The ethical debate about when a person “becomes” a person has been well-covered elsewhere by smarter and more well-spoken individuals than me, but I can tell you what I know: If abortion on demand were really a morally acceptable thing to do, then we would not be wrong to say that it would have been better if my foster daughter would never have been born. But that’s a lie. It is wrong to say that. Clearly, my foster child enjoys being alive, despite all that she’s been through. I can easily tell you it wouldn’t have been better for me or for Andrea or even our son Liam, who has a new best friend. I could also say with confidence that even her biological mother would tell you (on a sober day) that her daughter is a blessing.
Was she born into a world that she never should have had to deal with? Yes. Did she experience things no child should experience? Absolutely! But snuffing out those bad experiences before they begin means stopping a beating heart and closing the door on good, redemptive experiences to come. It means that she would have never come to us and never learned what a loving and stable environment is. She would never have had a ridiculously happy foster brother to play with every day to help her learn how to have fun and feel safe in a strange place. She would never have had an amazing foster mom that would work with her day and night to help her cope with the trauma she’s been through. She would never have had me for a Papa, and I wouldn’t have been able to hold her sweet hands in mine and sing songs with her at bedtime.
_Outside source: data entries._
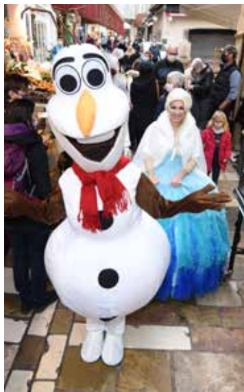
Déambulations et animations ont été organisées pour le grand bonheur des plus petits.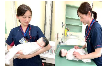
助産師 助産師による外来を週2日開設。妊婦生活の助言や育児技術についての指導をしています。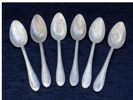
Слайд № 5 Алюминиевые ложки

Педагог: Сегодня мы с вами повторяем наши фигуры на учебных ложках (железных) под инструментальный наигрыш «Барыня».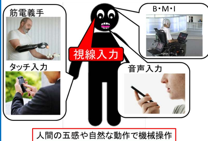
図 1. ナチュラル UI の発展・普及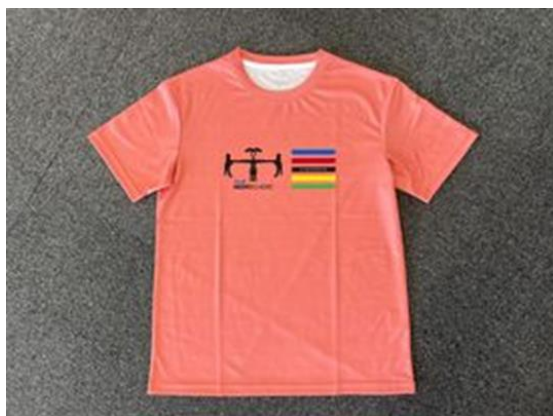
スタッフTシャツ500枚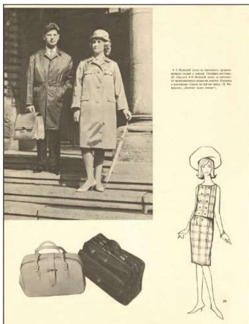
Рис. 2. Образы для повседневной жизни. «Рижские моды». Весна-лето 1965 Fig. 2. Images for everyday life. Riga Modes. Spring-summer, 1965

представлены костюмы для различных ситуаций – для вечерних выходов, активного отдыха, работы в саду и огороде, домашнего времяпрепровождения и даже ночные рубашки и пижамы для сна.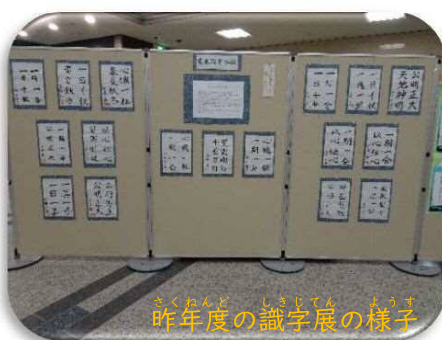
昨年度の識字展の様子

You see, life (and that’s what we’re talking about–life) is full of good and bad experiences. That’s part of the gospel story itself, isn’t it? Jesus said, “In the world you will have tribulation. But take heart; I have overcome the world.” I believe him. This world is broken, and all the evil that we will see inflicted upon children inside or outside of the womb is endemic of that fact. Yet it is also being redeemed every day. Those of us that believe the gospel believe that evidence of God’s grace is all around us. And more importantly, we believe that these things, these good and bad experiences have a sanctifying purpose. So, even if we believe that all these children taken before they can even breathe their first breath go straight to heaven, that’s no great comfort because they are missing out on life!
My favorite songwriter, Andrew Peterson, put it perfectly (as is his way) when he said,
“And when the world is new again
And the children of the King
Are ancient in their youth again
Maybe it’s a better thing
A better thing
To be more than merely innocent
But to be broken then redeemed by love
Maybe this old world is bent
But it’s waking up
And I’m waking up”
That’s what I believe. I believe what Christ said in Revelation 21:5–He is making all things new.
In the face of the horror of life being taken before it’s even begun, I can weep. I can pray. I can feel sick. I can call my congressman.
I can also love a little girl who deserves to be here and deserves to be loved. Because maybe this old world is bent, but it’s waking up, and I’m waking up.